The tools he’s worked on have had surprisingly long shelf life for such a rapidly changing field.  Early in his career, he says, “we developed an open-source storage system called PVFS that became the OrangeFS file system still in use today. We’ve also contributed to software that helps science teams store and retrieve data at very large scales through the ROMIO and Parallel netCDF tools.”

More recently, Ross and colleagues have built capabilities that improve the performance of storage systems by monitoring how applications use them – and that help facilities understand how to deploy the best platforms.

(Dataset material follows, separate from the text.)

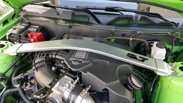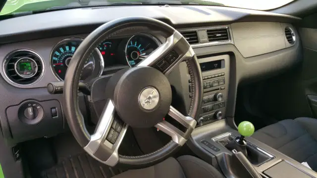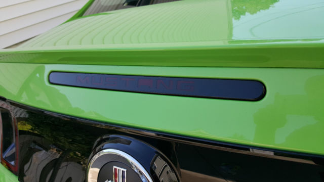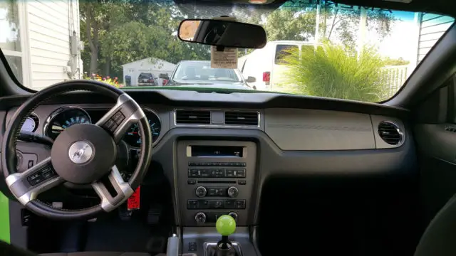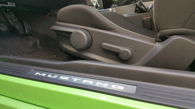 Aesthetics - green Illuminated door sill plates ($200), ghig shift ball knob ($60), Recaro racing seats, green Aeroforce interceptor guages w/boost line ($300), Roush recessed vent pod ($40) Weathertech lazer cut precision floor liners ($140), matte shift boot retainer ($30), smoked quarter markers rear bumper and third bake light tint ($40, matte quarter window blackouts ($40), matte hash marks ($30), mustang matte rocker stripes, painted wing, license plate relocation bracket, and under hood dress up.

Besides making scientific data intelligible and accessible, SciDAC helps researchers in numerous other ways, including developing scientific code and moving it onto the new superfast exascale platforms expected to come on line between now and 2023.

The most interesting thing going on right now is perhaps how artificial intelligence is impacting so many aspects of what we do,” Ross says. “We’re helping teams across the Office of Science use AI in their work, but we’re also working internally on using AI to improve our RAPIDS tools.”

Teams often must train AI algorithms at massive scale. Supercomputers provide the speed to handle that task, producing models that classify data and predict results, helping screen for the best possible solutions. 

AI’s increasing importance to supercomputing is spurring the drive for exascale capacity. “Scientists have realized AI can help accelerate their work,” Ross says. “AI can be used to build reduced-order models to represent their science a little more simply and, if you’re tactical about where you apply these things, you can accelerate simulation codes while still getting the level of fidelity that you need to answer your questions or maybe narrow down the area where you need more high-fidelity simulations.”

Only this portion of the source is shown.